The case was submitted to the jury on the theory of breach of contract and misrepresentation. The jury found liability on both counts and awarded $200,000 in compensatory damages and $250,000 in punitive damages against each newspaper for misrepresentation. The Court of Appeals set aside the misrepresentation damages, but affirmed the compensatory damages.
The State Supreme Court affirmed the setting aside of punitive damages.

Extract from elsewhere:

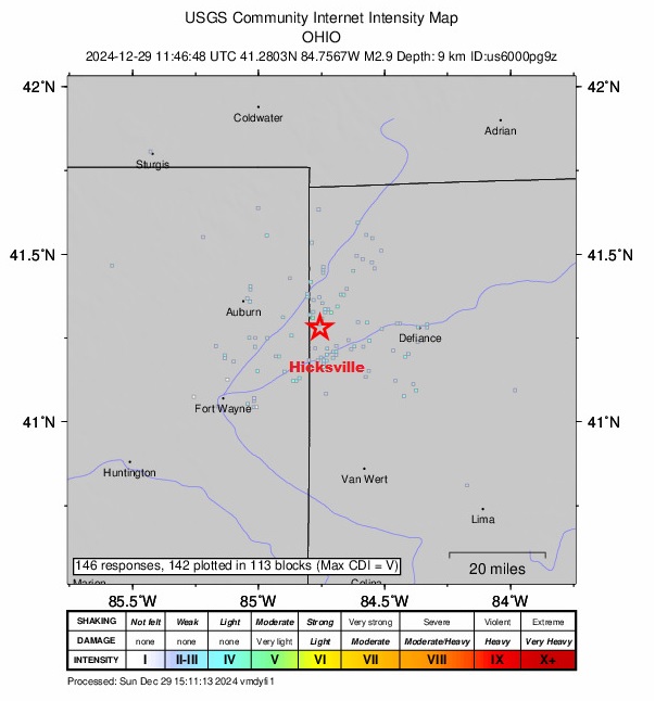 (12-29-24) According to the United States Geological Survey (USGS), a 2.9 mb_L earthquake was felt in Hicksville and other parts of northwest Ohio and Northeast Indiana. The map on USGS shows waves have been felt as far as southwest Fort Wayne.

Also, decided that the compensatory damages were not enforceable under standard breach of contracts theory. (Parties had not intended to assume legal obligation.) The award could be enforced under the theory of reliance, but that such a decision would intrude into the newspaper’s first Amendment rights.
The United States Supreme Court (Supreme Court) held that the doctrine of promissory estoppel does not implicate the First Amendment.
Issue. Is the award sustainable under the theory of promissory estoppel?